In today’s briefing:
- DN Solutions IPO: Valuation Insights
- Shenzhen Intl (152 HK): Delivered as Promised
- Itochu the Fashion Giant Doubles Down on Brand Business
- FedEx’s $600 Million Secret: Cost Cuts, Controversy, and a Game-Changing Split!

DN Solutions IPO: Valuation Insights
- DN Solutions (298440 KS), the third-largest machining centre/turning centre machine tool manufacturer, seeks to raise US$1.1 billion in a KRX IPO.
- We previously discussed the IPO in DN Solutions IPO: The Bull Case and DN Solutions IPO: The Bear Case.
- I examine the syndicate’s valuation methodology. My analysis suggests that DN Solutions is palatable in the low end of the IPO price range.
Shenzhen Intl (152 HK): Delivered as Promised
- While Shenzhen International (152 HK)‘s FY24 result is at the low end of the positive profit alert range, its 2H24 net profit has still grown by 22.7%.
- Better outlook at Shenzhen Expressway (548 HK) and margin improvement for logistics hubs will drive FY25. Upside will come from further gains at South China Logistics Park.
- SZI’s valuations of 5.9x PER, 8.4% yield, and 0.5x P/B for FY25F are attractive. As more deals are sealed to realise its asset value, its P/B discount will narrow.
Itochu the Fashion Giant Doubles Down on Brand Business
- Warren Buffett is investing more in Japan’s trading companies for a variety of reasons but Itochu stands alone in its dominance of Japan’s fashion sector.
- Itochu continues to emphasise investment in consumer brands, particularly fashion and sports, but will now adjust its decades-old playbook, introducing more direct oversight of subsidiaries and affiliates.
- This will include a big new push to turn Vivienne Westwood into a luxury brand, upgrading Paul Smith and bringing Descente Ltd (8114 JP) in-house
FedEx’s $600 Million Secret: Cost Cuts, Controversy, and a Game-Changing Split!
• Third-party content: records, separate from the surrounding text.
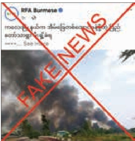
The screenshot validates false claims.

Media accuses security forces of raiding, torching Kalay's Pyitawtha village
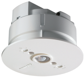
LRM1070/00 SENSR MOV DET ST
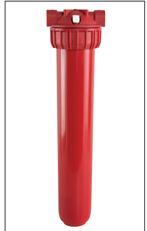
Front of Pelican Hot Water Post Filter
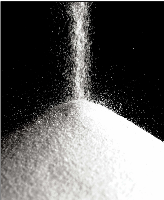
Coathylene ® - fine thermoplastic powders used as dispersion agents in masterbatches

To produce uniformly colored plastic items, it is necessary to homogeneously disperse pigment within a polymeric matrix. This process consists of compounding the polymeric matrix with a Masterbatch.
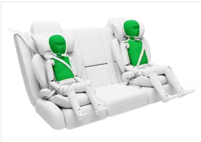
6 YEAR OLD
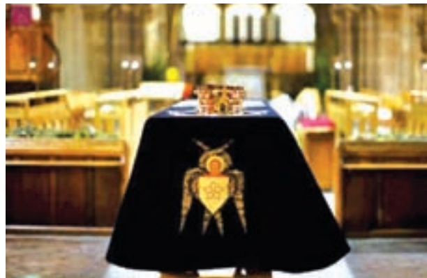
A crown sits on the coffin of King Richard III as it stands in Leicester Cathedral, central England, on 22 March, 2015.

The ceremony will feature a message from Queen Elizabeth, who will be represented by minor members of the royal family.

- FedEx Corporation’s third-quarter fiscal 2025 performance showcases a balanced mix of operational successes and challenges.
- The results highlight a 2% year-over-year revenue increase, primarily attributed to operational efficiency initiatives, notably the DRIVE savings program, which achieved $600 million in savings for the quarter.
- Driven by these efficiencies, the company saw a 12% increase in adjusted operating income and a 17% rise in adjusted EPS compared to the previous year.